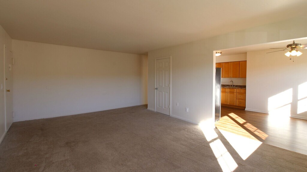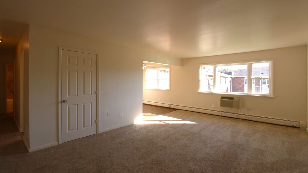 Spacious two-bedroom unit with eat-in-kitchen, bright living area, and ample closet space.
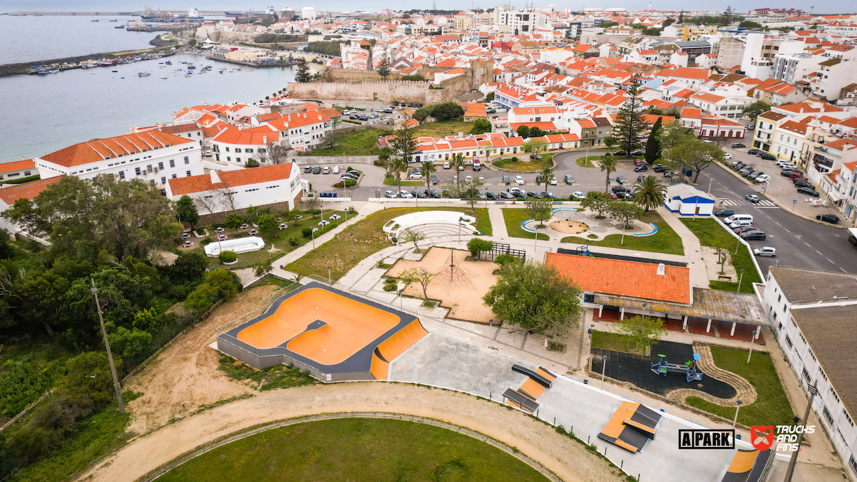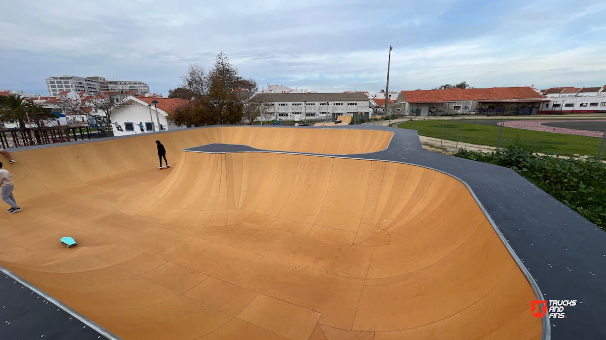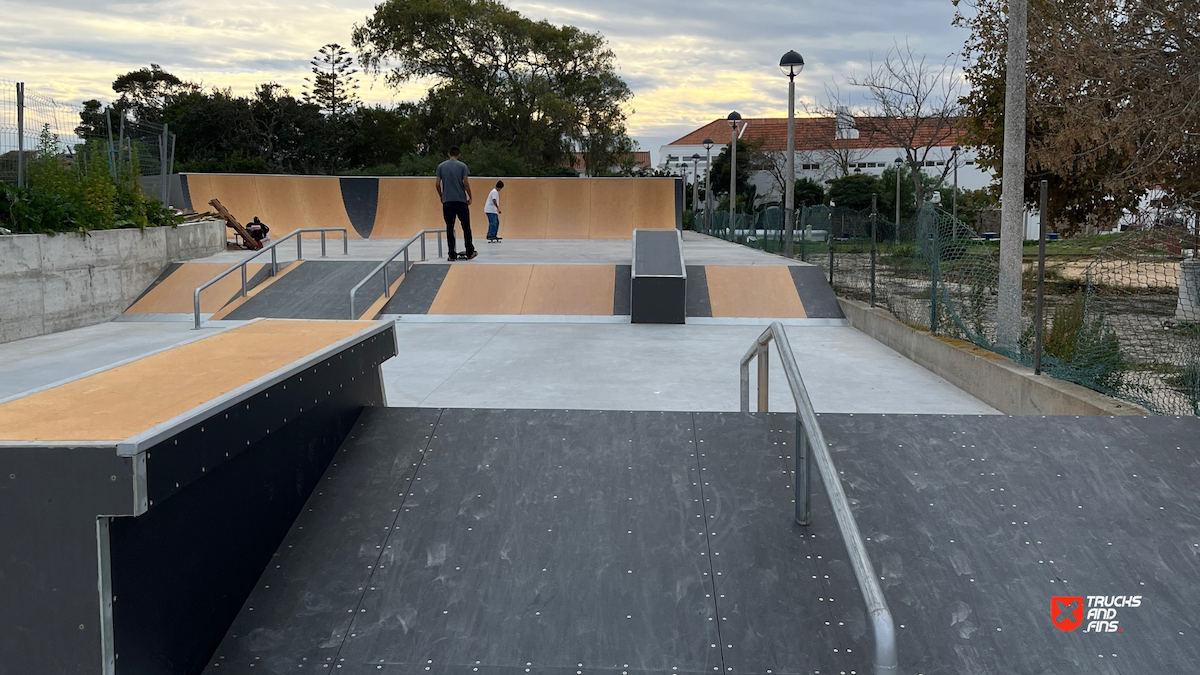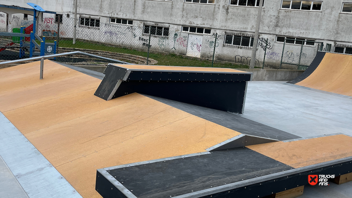 Sines skatepark is a wooden park made up of a street section and bowl. The skatepark is located in Parque Desportivo Municipal João Martins. Sines Skate Park, situated in the heart of the town near the castle and children's playground, spans an area of nearly 1,000 square meters. It caters to both beginner and advanced skaters, offering a comprehensive range of features. The park is equipped with numerous obstacles, including a bowl, grind box, quarter pipes of varying sizes, and a starting box with handrails and curbs of different types. Completed in late 2023, this skate park provides a dynamic space for skaters of all skill levels. The skatepark cost around 156000 euros.
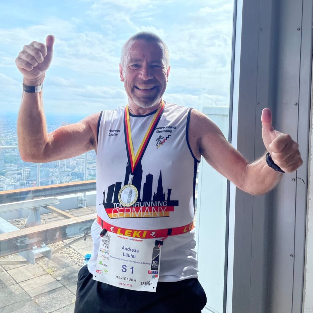 Jürgen Leib als Mitglied des geschäftsführenden Vorstands des TSV unterstützt Andreas Läufer bei der Durchführung, ebenso Michael Lederer, Race-Director des SkyRun Messeturm Frankfurt.
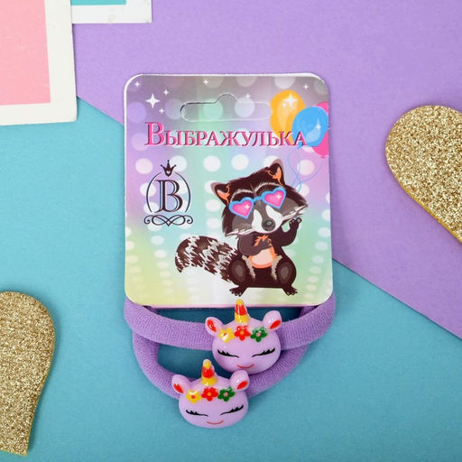 Цена за 6 шт. Резинка для волос "Маленькая радость" (набор 2 шт) единорожек цветочки, 4 см, сиреневый
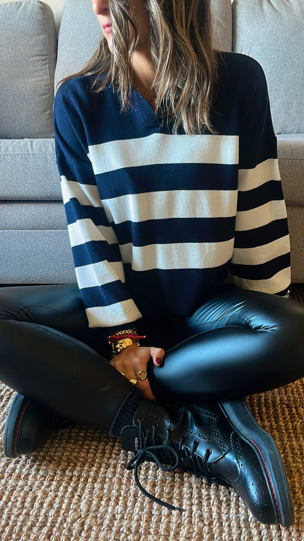 Navy Striped Polo
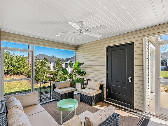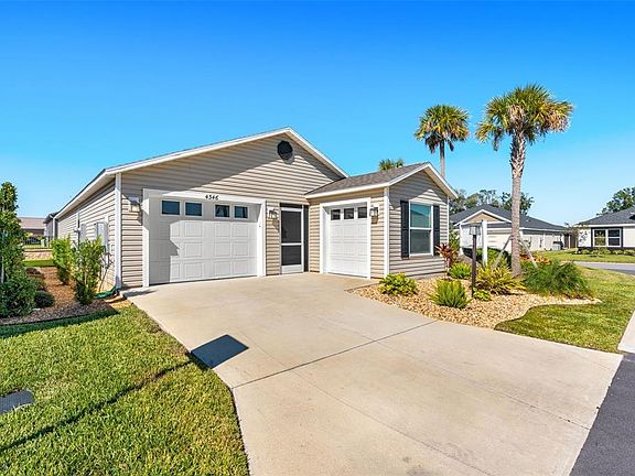 Life in The Villages is all about ease, connection, and enjoying every sun-filled day. This beautifully maintained 2022 Moonstone Patio Villa captures that spirit perfectly. Positioned on a lush corner lot in the sought-after Village of Richmond, this residence blends privacy, comfort, and access to every amenity imaginable. A 2022 refurbished Yamaha golf cart is included. Golf cart features include; gas, four seater seatbelts both front and back JBL speaker system, self counseling turn signals and a few other things. Step inside to discover a bright, open living space where high ceilings and a neutral palette create an inviting sense of calm. The kitchen’s generous island and solar tube lighting make it the perfect spot for morning coffee or casual conversation, while the living and dining areas flow seamlessly to the outdoor patio. The primary suite is a peaceful retreat with a ceiling fan, high ceilings, a walk-in closet, and an en suite bathroom. A second bedroom and full bath ensure comfort for guests. Additional highlights include luxury vinyl flooring, ceiling fans throughout, and two attached garages, one for a car and another for a dedicated golf cart space. From your doorstep, a short golf cart ride leads to Brownwood Paddock Square, Okahumpka Recreation Center, Richmond Pitch & Putt, Water Lily Bridge, and the scenic Hogeye Preserve. Brownwood, a lively county town full of charm and energy, where beautifully manicured neighborhoods surround pristine golf courses, sparkling lakes, and vibrant town squares that serve as the hub of shopping, dining, and nightlife. Explore a variety of restaurants, boutique shops, and local entertainment, all within minutes of home. The Villages offers over 100 recreation centers featuring swimming pools, hot tubs, tennis and pickleball courts, and countless opportunities to stay active and social. Turnkey and thoughtfully landscaped for low maintenance, this home makes it effortless to start living The Villages lifestyle, where every day feels like a getaway.
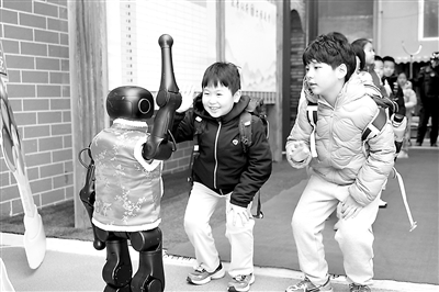 北京市東城區府學胡同小學學生與機器人打招呼。學校供圖
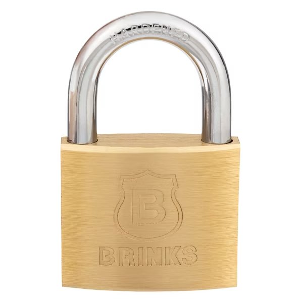 Brink’s Brass Padlock features a 40mm solid brass body and a chrome plated, hardened steel shackle for increased cut resistance. It is equipped with a five-pin brass tumbler cylinder and double brass bolt locking mechanism for pick resistance. With corrosion-resisting properties, brass is perfect for use indoors and outdoors. The padlock is Ideal for all types of usages such as locking and securing lockers, storages, garages, and toolboxes.
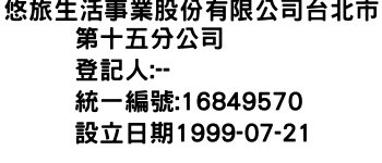 悠旅生活事業股份有限公司台北市第十五分公司
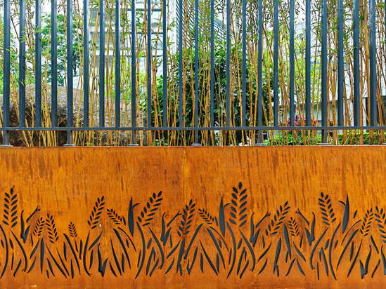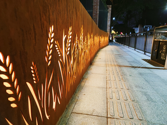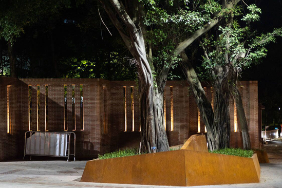 本次西门升级改造设计方案旨在传承和弘扬华农的百十年文化,基于学校老建筑的红墙绿瓦风貌与民国装饰风格,在设计上进行了简化与再现:一是景墙和围栏主体都采用红砖材料,同时立面点缀绿琉璃装饰,与历史建筑的琉璃瓦呼应;二是采用稻穗光景照亮道路,在解决夜晚照明的功能基础上呼应校园文化;三是使用耐候钢板营造树池,为大榕树提供生境的同时,还能节约出空间用以建设西门林荫广场。
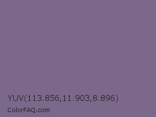 YUV 113.856,11.903,8.896 Color is a normal purple color and the nearest color is Rum #796989. Hex code #7c688a and RGB value is rgb(124,104,138). In RGB color space, this color is composed of 49% red, 41% green, 54% blue, In CMYK color space, this color is composed of 10% cyan, 25% magenta, 0% yellow , 46% black , In HSL color space, this color has a hue angle of 275° , 14% saturation and 47% lightness.
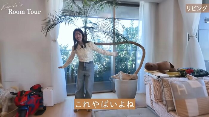 さらに、窓際には天井ほどの高さの大きなヤシの木も。夫が一目ぼれしたというこの木は、幹が途中できゅっと曲がったデザインとなっています。
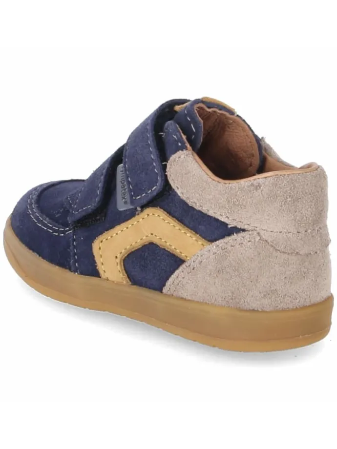 Als verlässlicher Begleiter im Kita-Alltag setzt der Pepino NIRU funktionale Akzente. Das Obermaterial aus dunkelblauem Rauleder ist strapazierfähig, die graue Ferse und der gelbe Zierstreifen sorgen für frische Kontraste. Zwei praktische Klettriemen ermöglichen schnelles Anziehen, der gepolsterte Einstieg sowie die runde Zehenform schenken Komfort. Die Sympatex-Ausstattung hält Feuchtigkeit draußen, während das Innenklima dank Atmungsaktivität angenehm bleibt. Eine flexible, trittsichere Laufsohle unterstützt erste Lauferfahrungen, verstärkte Partien an Zehen und Ferse schützen bei jedem Schritt. Die lederne Decksohle und das herausnehmbare Fußbett erleichtern die Pflege, die Passform fällt normal aus. Modetipp: Zu einer wetterfesten Übergangsjacke in Marine und einer bequemen Cordhose harmoniert der Schuh besonders gut; gelbe Details im Outfit greifen den Streifen stilvoll auf.
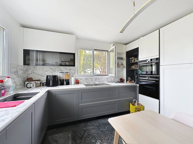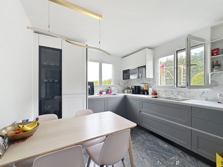 Rez-de-chaussée : Hall d’entrée avec placards intégrés, toilettes visiteurs, salon/salle à manger spacieux avec cheminée donnant accès à une véranda lumineuse utilisée comme salon TV, 2ème petit salon avec piano, cuisine habitable entièrement équipée. Le rez-de-chaussée donne accès à une agréable terrasse et au jardin avec vue lac.
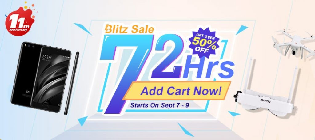 Time flies and Banggood’s 11th anniversary is drawing to an end soon. In order to bring more bang for your buck, the company conducts on an amazing deal called “72 Hours Blitz Sale” starting on Sept 7th to Sept 9th, do you get ready for it? There is no need to be doubtful it is the biggest event of the year at Banggood online shop. It may that you are still unclear to the details and don’t know how to become the greatest winner in this promotion, we do believe we can do something for you in the following. Also, you can get a generalization for the big deal by clicking here.
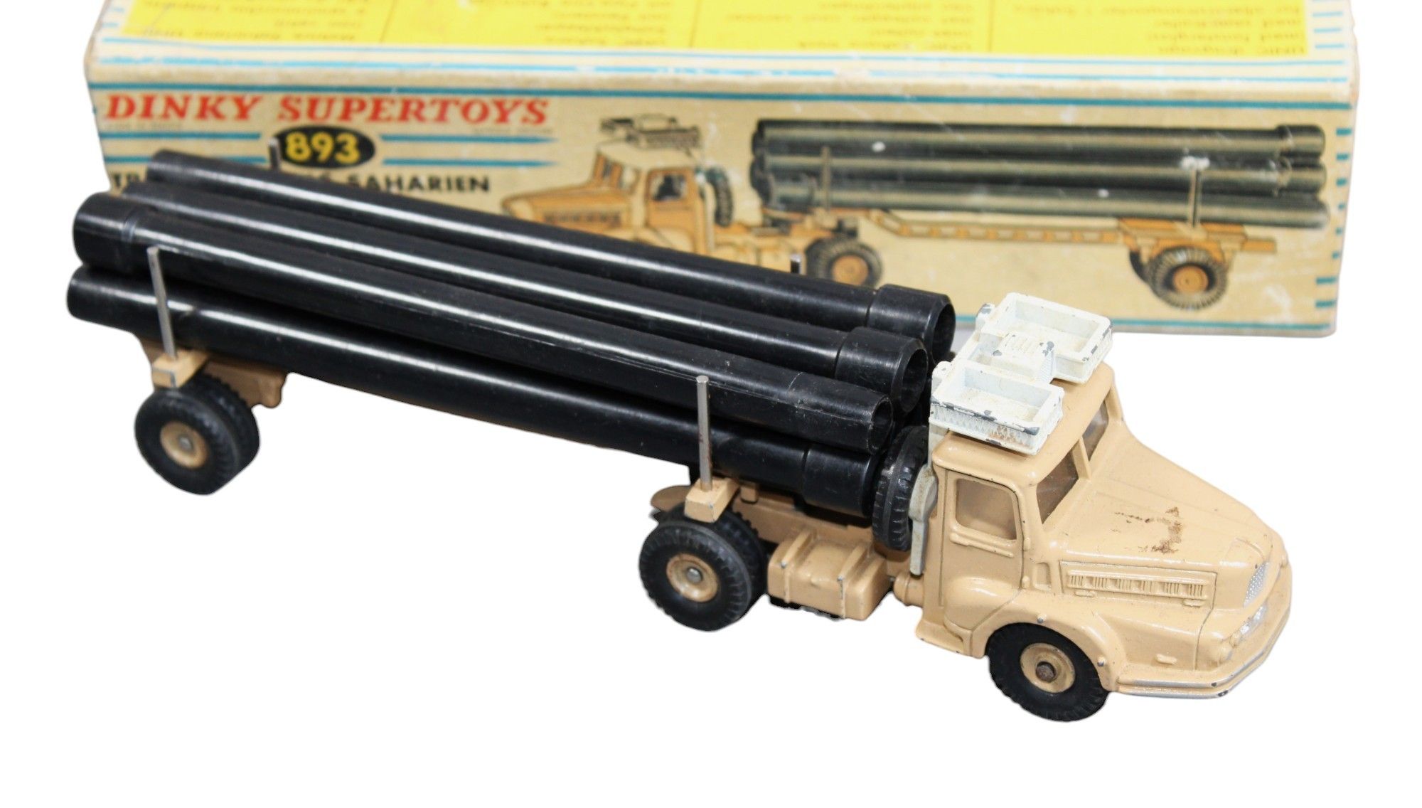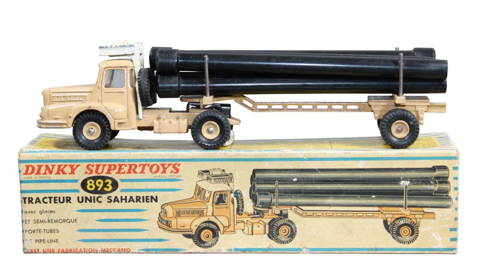 DINKY SUPERTOYS FRANCE - 1/43 - 893 - UNIC SAHARIAN TRACTOR, beige and white, 6 black plastic tubes, stain on bonnet, BOX (tears).
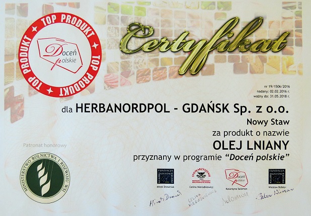 - Смак і якість олії були оцінені програмою «Оцініть польське» під патронатом Міністерства сільського господарства.
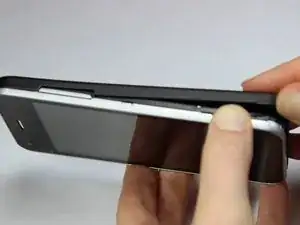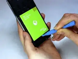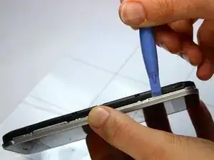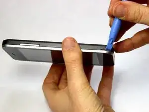 Осторожно проведите пластиковым открывающим инструментом вдоль левой и правой сторон телефона, чтобы отделить черную срединную рамку от серебряного корпуса экрана.
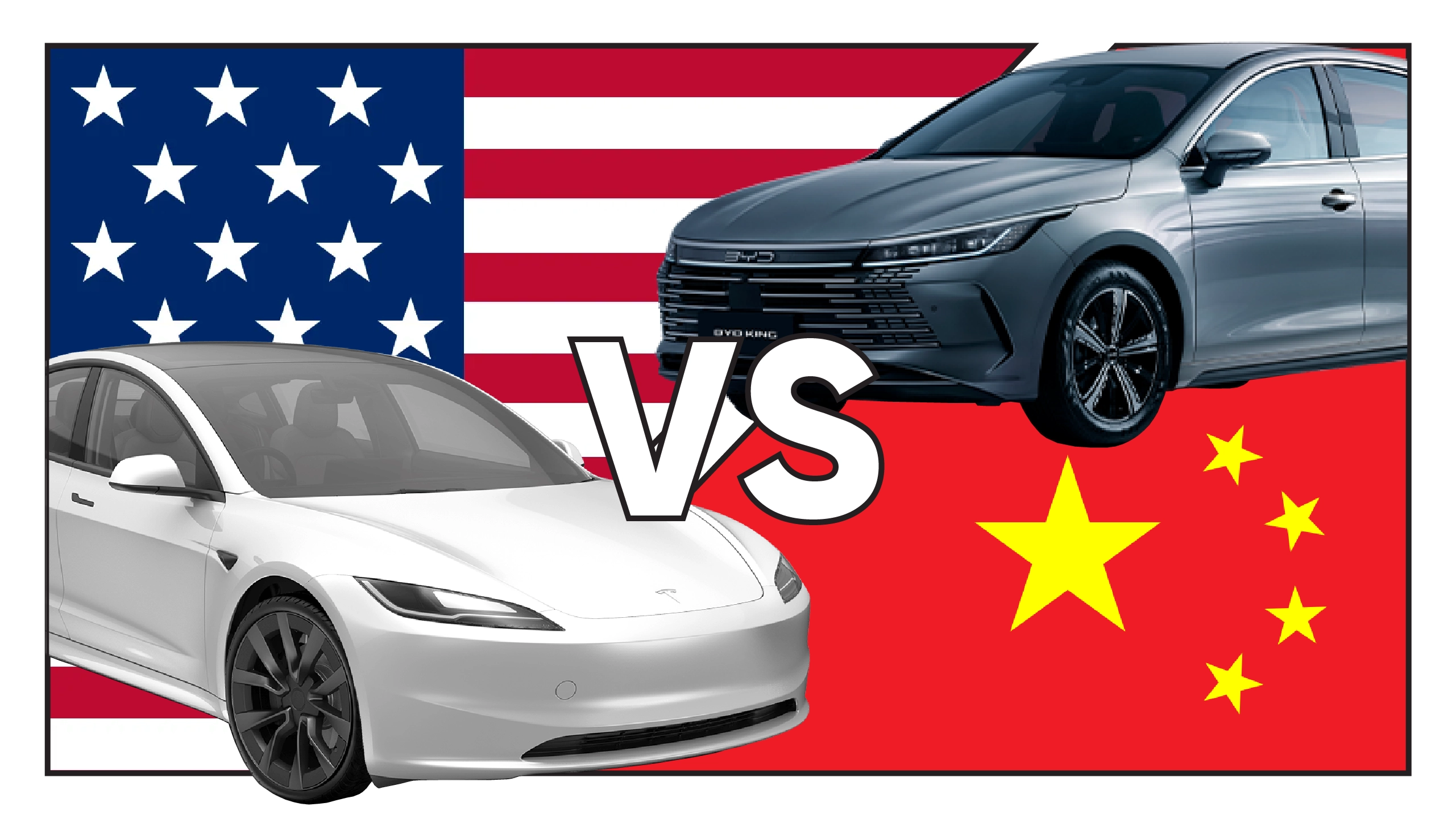 usa vs china EVsBy Car Appraiser / December 11, 2024 A Tesla and a BYD over their respective country flags representing the EV competition of the Chinese and US brands

Task description:
What is needed is the exact run of lines from the start of the data through the line with "Navy Striped Polo", both ends included, minus the pictures.

Completed exercise:
 Spacious two-bedroom unit with eat-in-kitchen, bright living area, and ample closet space.
 Sines skatepark is a wooden park made up of a street section and bowl. The skatepark is located in Parque Desportivo Municipal João Martins. Sines Skate Park, situated in the heart of the town near the castle and children's playground, spans an area of nearly 1,000 square meters. It caters to both beginner and advanced skaters, offering a comprehensive range of features. The park is equipped with numerous obstacles, including a bowl, grind box, quarter pipes of varying sizes, and a starting box with handrails and curbs of different types. Completed in late 2023, this skate park provides a dynamic space for skaters of all skill levels. The skatepark cost around 156000 euros.
 Jürgen Leib als Mitglied des geschäftsführenden Vorstands des TSV unterstützt Andreas Läufer bei der Durchführung, ebenso Michael Lederer, Race-Director des SkyRun Messeturm Frankfurt.
 Цена за 6 шт. Резинка для волос "Маленькая радость" (набор 2 шт) единорожек цветочки, 4 см, сиреневый
 Navy Striped Polo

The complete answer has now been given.